Who takes over when a business’s leader dies? The succession question in your business depends a great deal on its form, and there are three: the single proprietorship, the partnership, and the corporation.
As its name suggests, a single proprietorship is a business where the owner is at the same time the worker—though this does not stop him from hiring other people to run his enterprise. A single proprietorship gives the owner the privilege of making his own decisions, but it’s likely to close upon his death or incapacity unless someone in the family is willing and able to take over.
A partnership requires at least two people who know and trust each other. Their mere agreement gives rise to the partnership and its juridical personality, but that partnership is automatically dissolved when its purpose has been served, when something happens that makes it illegal for the partners to continue the business, or when one of the partners dies, withdraws, becomes bankrupt, is imprisoned or expelled from the union, or when a new partner is admitted to the union. A partner may also demand the dissolution of the partnership at any time, without sufficient cause and subject only to his liability for damages for breach of contract.

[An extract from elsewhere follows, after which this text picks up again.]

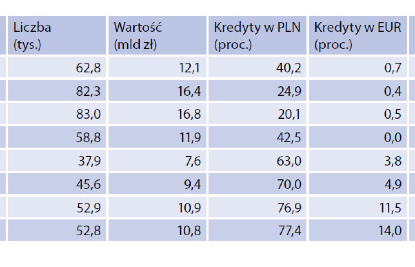 Nie znaczy to jednak, że oferta jest dziś taka sama jak przed początkiem światowego kryzysu. Teraz banki dokładniej sprawdzają nasze możliwości finansowe, a od osób gorzej zarabiających wymagają większego niż kiedyś wkładu własnego. Kryzysowa zawierucha okazała się też sporym zagrożeniem dla dostępności i stabilności kursu franka szwajcarskiego – waluty, w której w 2008 r. udzielano aż dwóch trzecich wszystkich kredytów hipotecznych w Polsce.
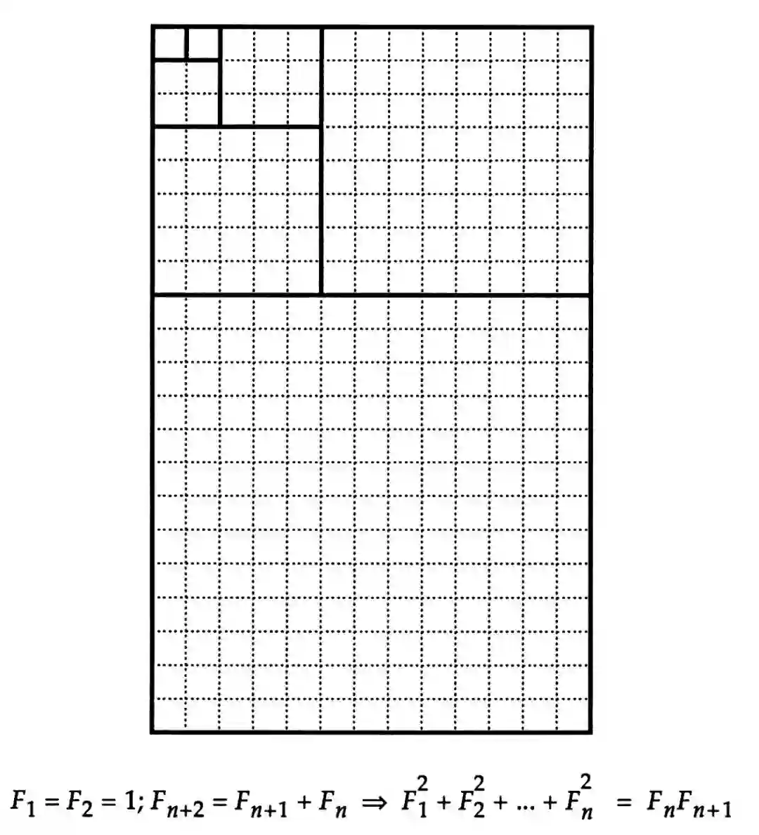 相信大家对斐波那契数列都不陌生了。1, 1, 2, 3, 5, 8, 13……任意一项为其前两项之和。关于斐波那契数列每一项的平方之和也有一条神奇的关系。

Like a partnership, a corporation has a personality separate from the people comprising it, but it enjoys the right of succession and is not affected by the death, insolvency or other incapacity of any member or stockholder.
And unlike a partner, a stockholder may freely transfer his shares in the corporation, giving his transferee the status of a stockholder even without the consent of the other stockholders. A corporation may also not be dissolved unless the dissolution is approved by stockholders owning at least two-thirds of the outstanding capital stock, and the Securities and Exchange Commission, the securities watchdog, equally approves.